Handcrafted ReAct Engine with DeepResearch

Background Requirements

A "Moon Landing Project" ReAct engine completed in the gaps between 4 coding tests on a Saturday.

Content Introduction

Mainly includes:

Single ReAct agent execution engine
Observability
Simple visualization analysis tool (planned to be improved later).

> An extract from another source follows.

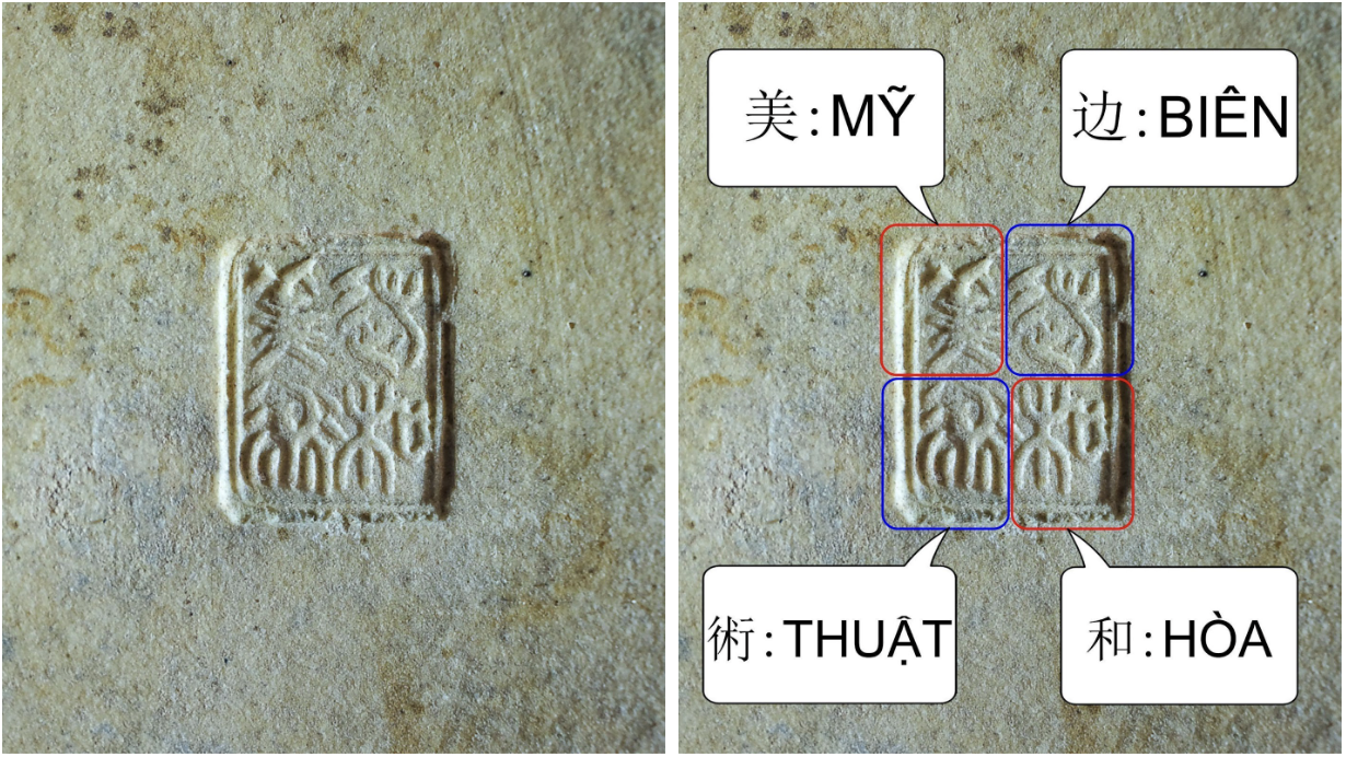 Gốm Biên Hòa mộc bốn chữ Hán 美術边和 viết lối chữ triện cổ trong khung hình chữ nhật có đường viền nổi, đóng bằng con dấu.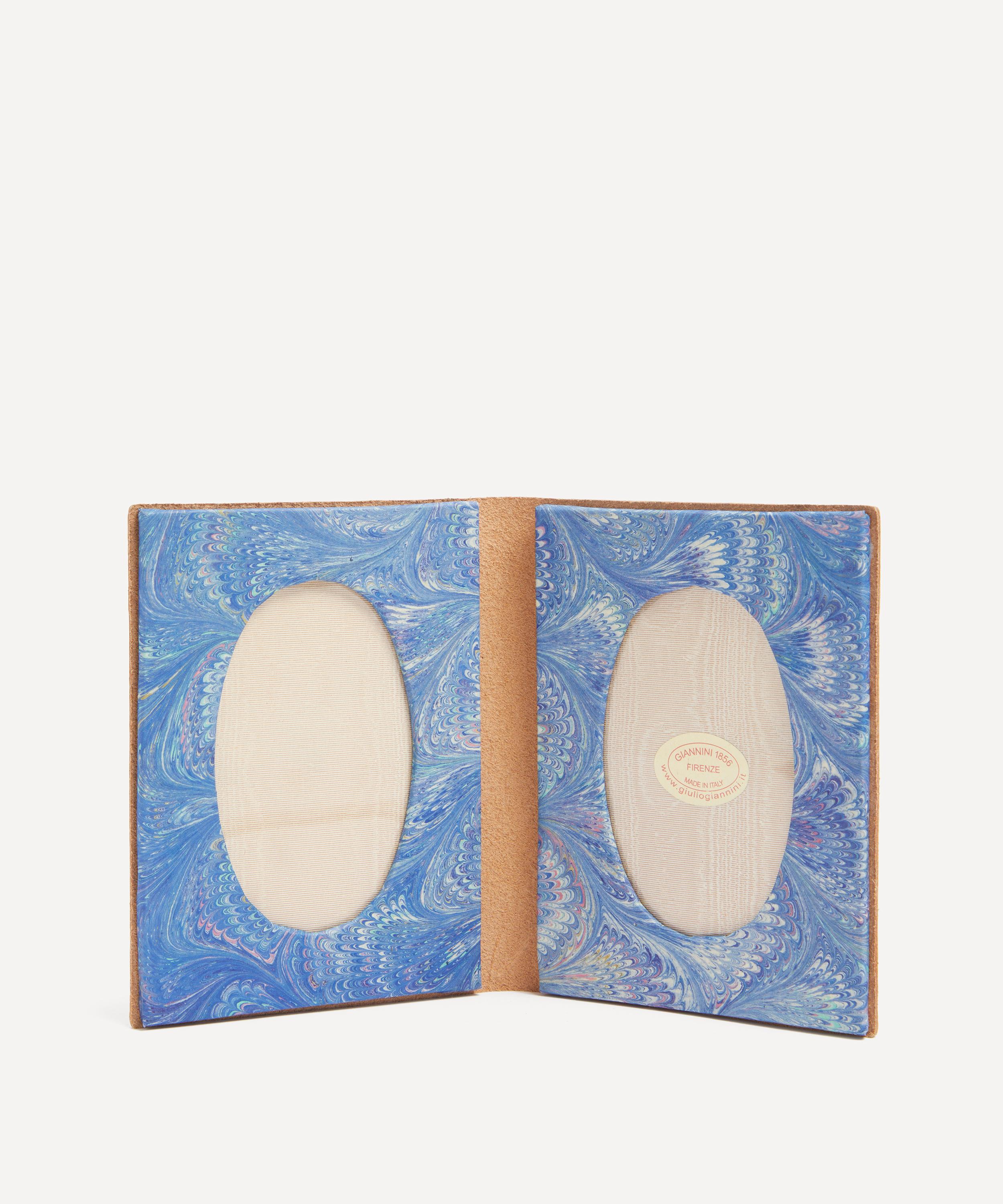 Hand marbled in Florence, this frame has been meticulously crafted using an expertise that has be honed for generations by city natives Giannini at their family-run Bottega d'Arte. Featuring a naturally tanned leather construction and with two oval picture slots, display on your shelfscape for an artful way to display treasures memories.

Implemented features are in todo.md.

Future plans:

Improve observability
Enhance visualization analysis tools
Perfect various schemes for detecting and handling circular thinking
Improve test sets
Enhance Evaluator & optimizer for self-improvement
Improve distributed multi-agent architecture
Enhance multiple context management mechanisms

Running Environment

python ReActAgent.py

Input/output references:

Extended Thoughts

Detection and Handling Schemes for Circular Thinking

Thinking manifests in two ways:

Circular thinking based on LLM output patterns,
- Advantages: Natural, no additional training required
- Disadvantages: More cycles, time-consuming
Circular thinking based on GIT-PLAN tools.
- Advantages: Fewer cycles, shorter time consumption
- Disadvantages: Dependent on additional training, uncontrollable number of cycles

For these two types of circular thinking, detection and handling schemes are proposed respectively:

Detection scheme for circular thinking based on LLM output patterns:
- Detection method: Analyze circular references, repeated statements, repeated tool parameters, etc., in LLM output.
- Handling schemes:
  - Ensure accurate prompt returns on the tool side, for example: complex Python sandbox errors that the model cannot understand may lead to persistent error correction attempts.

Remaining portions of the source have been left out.